My understanding of the accoustic mandolin is that part of the beauty of the sound comes from the paired-strings concept. 
Why would one use a 4 string e-mandolin as opposed to a standard electric guitar? How (and why) does the sound differ?

I've never seen or heard an electric mando, so I really have no clue, please enlighten me.

----------


## John Flynn

I have often asked myself the same thing. I have tried 4 and 8 string electric mandos and they do not float my boat. I actually want to like them. It seems like a great idea, but the reality just kind of leaves me flat.

If I wanted to go electric again, I would get a Strat. about like the one I traded off a couple of years ago. I can make a lot better noises through an amp on a 6-string. Also, I listen to a lot of different kinds of music, from old-time to rock to opera and I can't think of a single piece of music I like that either has a single course electric mando in it, or which IMHO, could have been improved by adding one. But I would love to have my mind changed on that.

However, I figure:
&gt; Different strokes for different folks, it's all good.
&gt; Not every mando player is also a guitar player, so it would be an option for mando-only players who want to go fully electric.
&gt; The fretboard layout of the mando is unique and it may offer some possibilities that I haven't thought of, although as I said I have yet to hear an example.

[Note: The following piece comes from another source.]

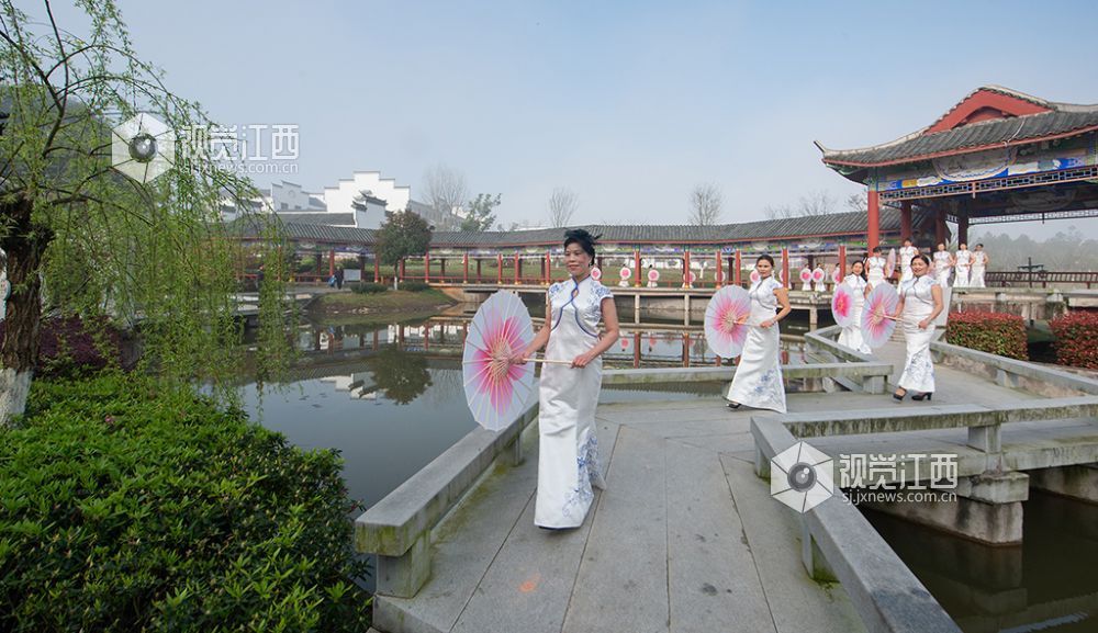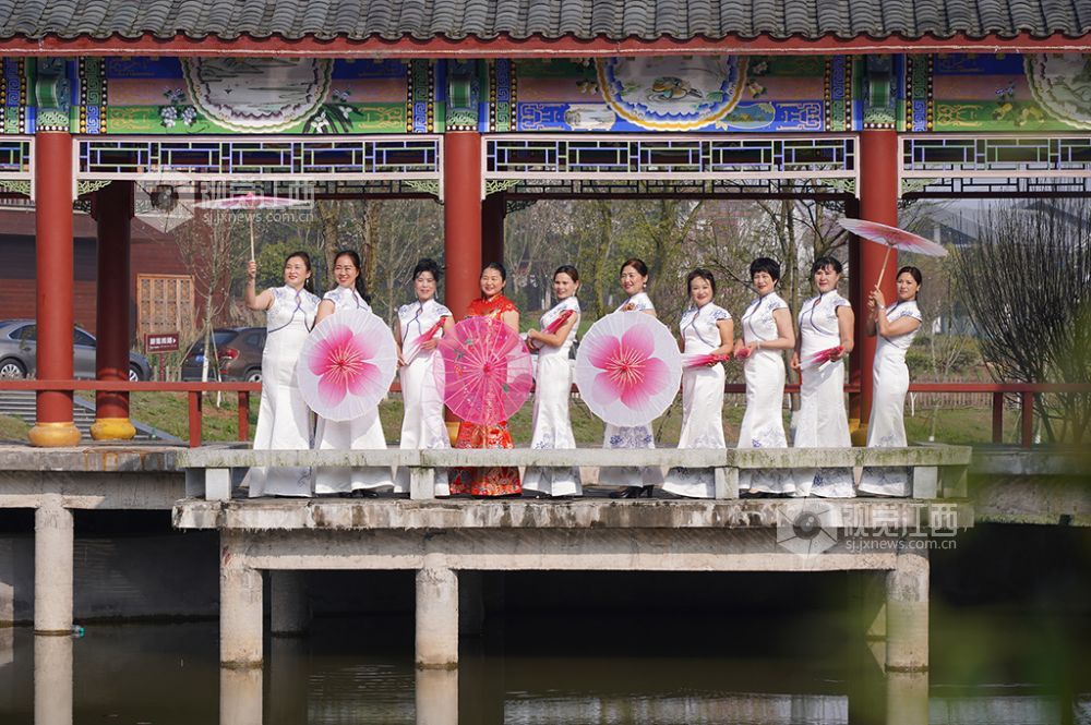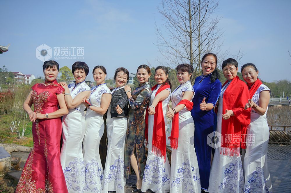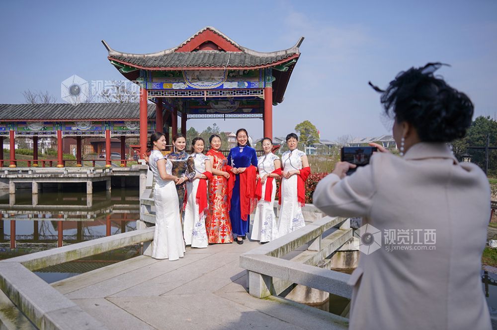2021年3月14日,江西省金溪县香樟公园开展“感党恩,赏春景,展风采”旗袍秀活动,展示旗袍文化,歌赞新时代美好生活。

If anyone has any compelling examples of single course work online, I'd love to hear them. Like I said, I really do want to like these instruments, but I haven't come across a reason yet.

----------


## jmcgann

There aren't a ton of examples to draw from i.e. not as many players as electric guitar, but the master was Tiny Moore.

Listen to The Bob Wills Tiffany Transcriptions (Rhino) or track down the Billy Jack Wills CD- when you'll hear it, you'll know. If you play both guitar and mando, you "think" differently on mando due to the tuning- each has it's own sensibility. I'm assuming you don't play western swing, but check it out, good music is good music!

Most of the Blood Oranges stuff is out of print, but if you track any down, Jimmy Ryan plays some great emando; bluegrass rooted rock type stuff. He also has a solo CD http://www.jimmyryan.org/

----------


## Mike Crocker

Well, it's much easier to play up high on a mandolin since it's tuned higher. 

On an 8 string you get the double course sound. 

Guitar and mandolin are tuned differently, so why learn a new tuning if you don't have to? And take advantage of the mandolin-ness of the tuning. 

Guitar players are a dime a dozen, why add to the glut?

Chord structure isn't always the same and sounds different. Why sound like a guitar?

I admit to preferring a double course electric over a 4 or 5 string...it's more mando.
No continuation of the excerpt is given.